Data records:
════════════════════

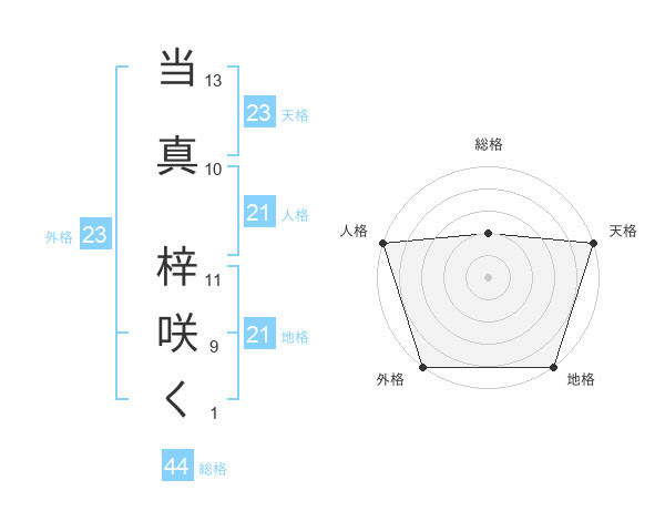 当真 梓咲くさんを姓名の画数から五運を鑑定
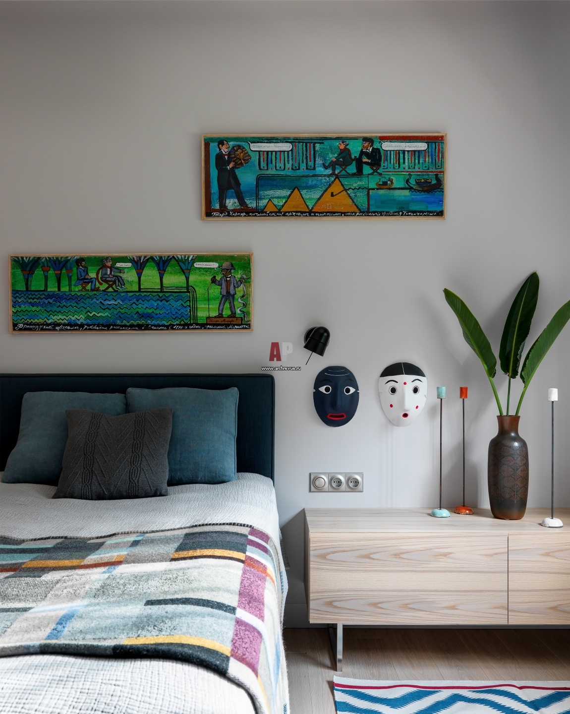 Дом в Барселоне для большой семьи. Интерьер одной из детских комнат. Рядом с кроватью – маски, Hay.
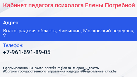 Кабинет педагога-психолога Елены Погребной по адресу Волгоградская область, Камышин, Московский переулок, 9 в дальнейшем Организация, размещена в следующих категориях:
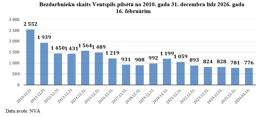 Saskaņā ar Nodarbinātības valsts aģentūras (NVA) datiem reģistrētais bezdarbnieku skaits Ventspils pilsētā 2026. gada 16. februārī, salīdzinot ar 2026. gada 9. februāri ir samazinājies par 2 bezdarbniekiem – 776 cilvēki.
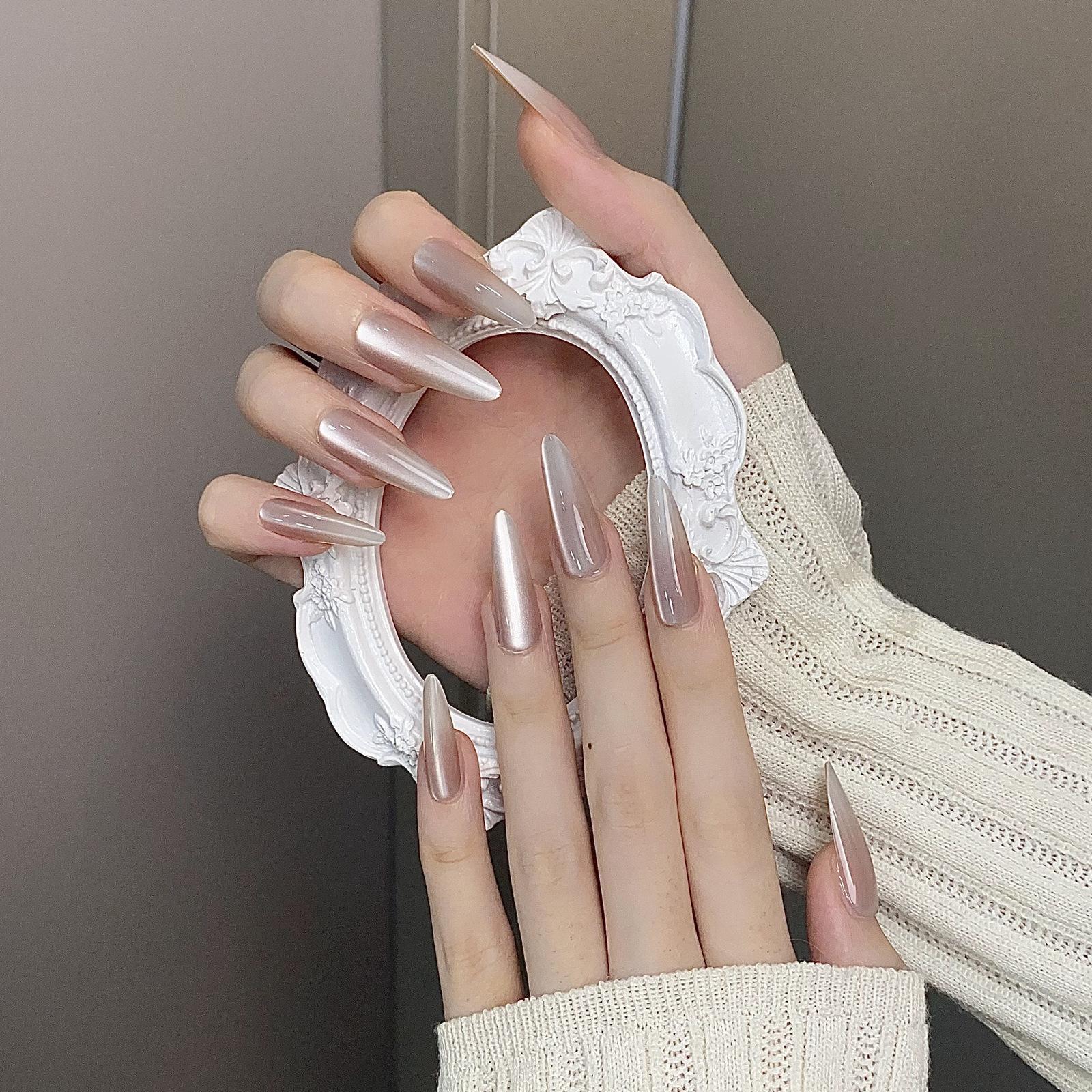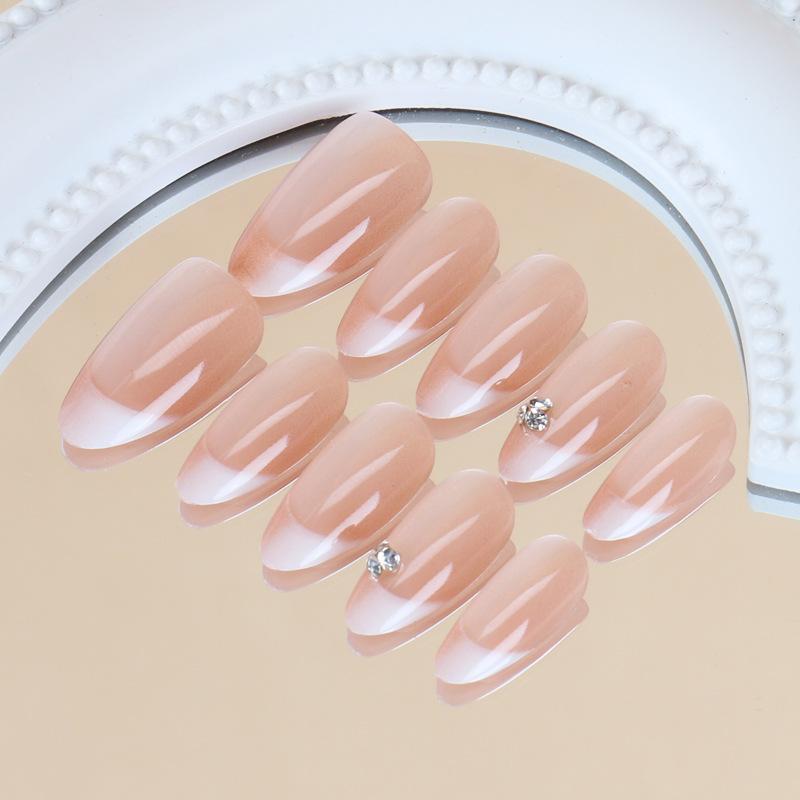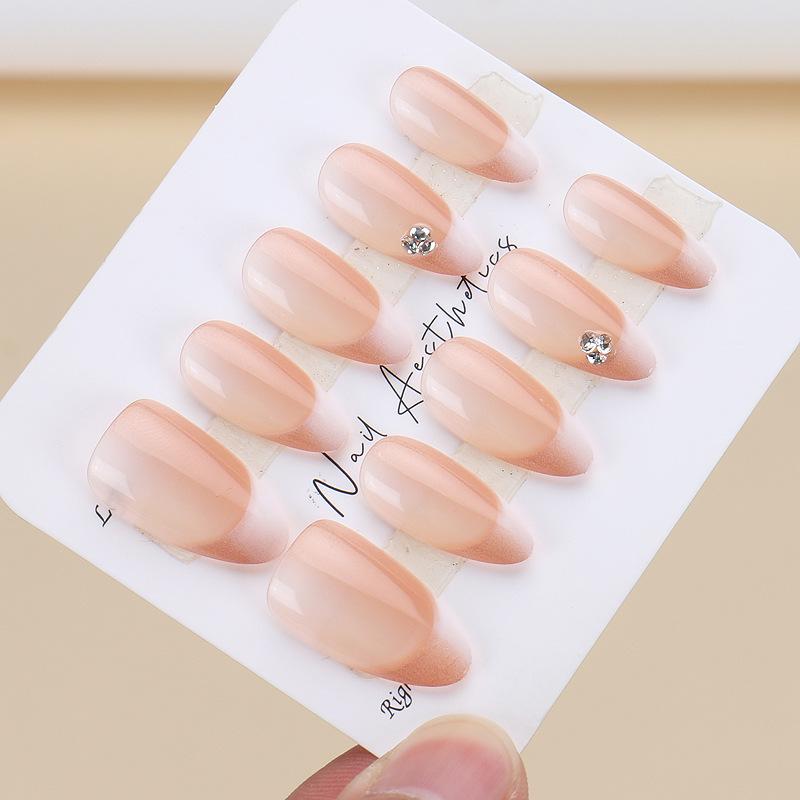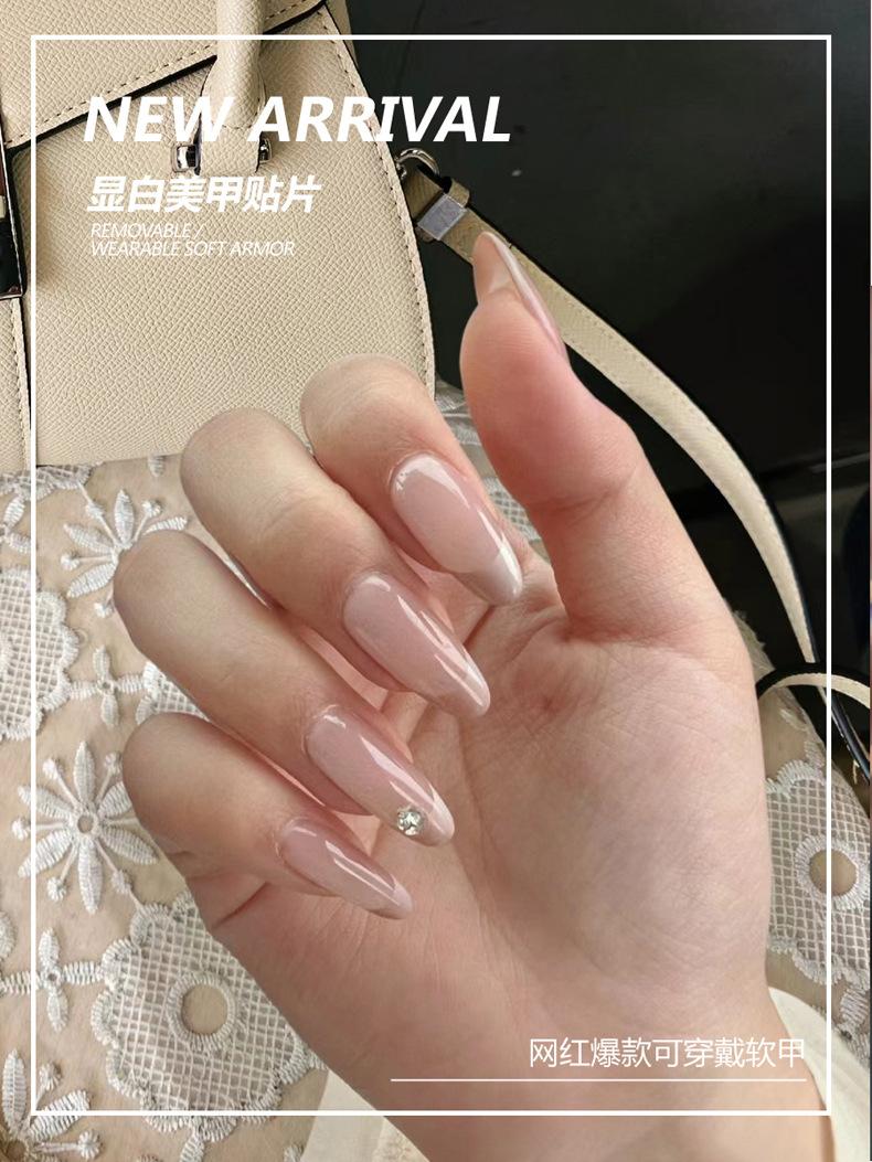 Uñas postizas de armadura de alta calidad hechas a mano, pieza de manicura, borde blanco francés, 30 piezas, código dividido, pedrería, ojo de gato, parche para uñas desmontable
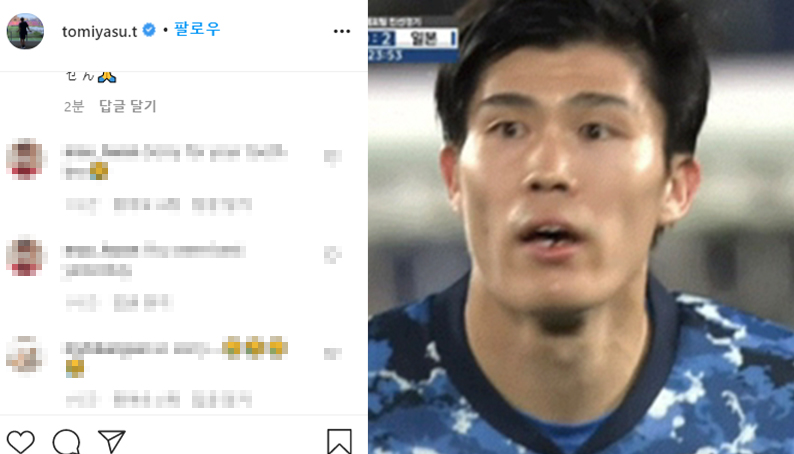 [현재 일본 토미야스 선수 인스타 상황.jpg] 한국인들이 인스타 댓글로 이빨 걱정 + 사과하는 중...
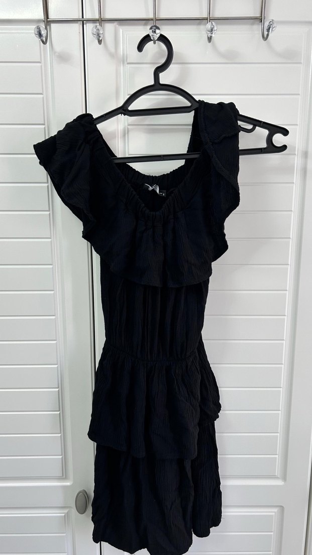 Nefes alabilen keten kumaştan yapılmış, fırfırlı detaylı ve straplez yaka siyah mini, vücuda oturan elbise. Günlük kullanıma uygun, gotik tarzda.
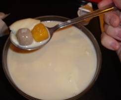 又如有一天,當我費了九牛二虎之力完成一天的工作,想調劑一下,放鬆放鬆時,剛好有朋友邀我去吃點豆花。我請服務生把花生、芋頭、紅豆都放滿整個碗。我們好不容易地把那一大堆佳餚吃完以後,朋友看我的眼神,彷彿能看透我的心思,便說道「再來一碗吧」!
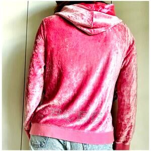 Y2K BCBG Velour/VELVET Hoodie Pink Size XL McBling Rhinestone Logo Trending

════════════════════

### WHAT IS BEING ASKED
The records above should be returned exactly; no image belongs in the copy.

### PROBLEM SOLUTION
 当真 梓咲くさんを姓名の画数から五運を鑑定
 Дом в Барселоне для большой семьи. Интерьер одной из детских комнат. Рядом с кроватью – маски, Hay.
 Кабинет педагога-психолога Елены Погребной по адресу Волгоградская область, Камышин, Московский переулок, 9 в дальнейшем Организация, размещена в следующих категориях:
 Saskaņā ar Nodarbinātības valsts aģentūras (NVA) datiem reģistrētais bezdarbnieku skaits Ventspils pilsētā 2026. gada 16. februārī, salīdzinot ar 2026. gada 9. februāri ir samazinājies par 2 bezdarbniekiem – 776 cilvēki.
 Uñas postizas de armadura de alta calidad hechas a mano, pieza de manicura, borde blanco francés, 30 piezas, código dividido, pedrería, ojo de gato, parche para uñas desmontable
 [현재 일본 토미야스 선수 인스타 상황.jpg] 한국인들이 인스타 댓글로 이빨 걱정 + 사과하는 중...
 Nefes alabilen keten kumaştan yapılmış, fırfırlı detaylı ve straplez yaka siyah mini, vücuda oturan elbise. Günlük kullanıma uygun, gotik tarzda.
 又如有一天,當我費了九牛二虎之力完成一天的工作,想調劑一下,放鬆放鬆時,剛好有朋友邀我去吃點豆花。我請服務生把花生、芋頭、紅豆都放滿整個碗。我們好不容易地把那一大堆佳餚吃完以後,朋友看我的眼神,彷彿能看透我的心思,便說道「再來一碗吧」!
 Y2K BCBG Velour/VELVET Hoodie Pink Size XL McBling Rhinestone Logo Trending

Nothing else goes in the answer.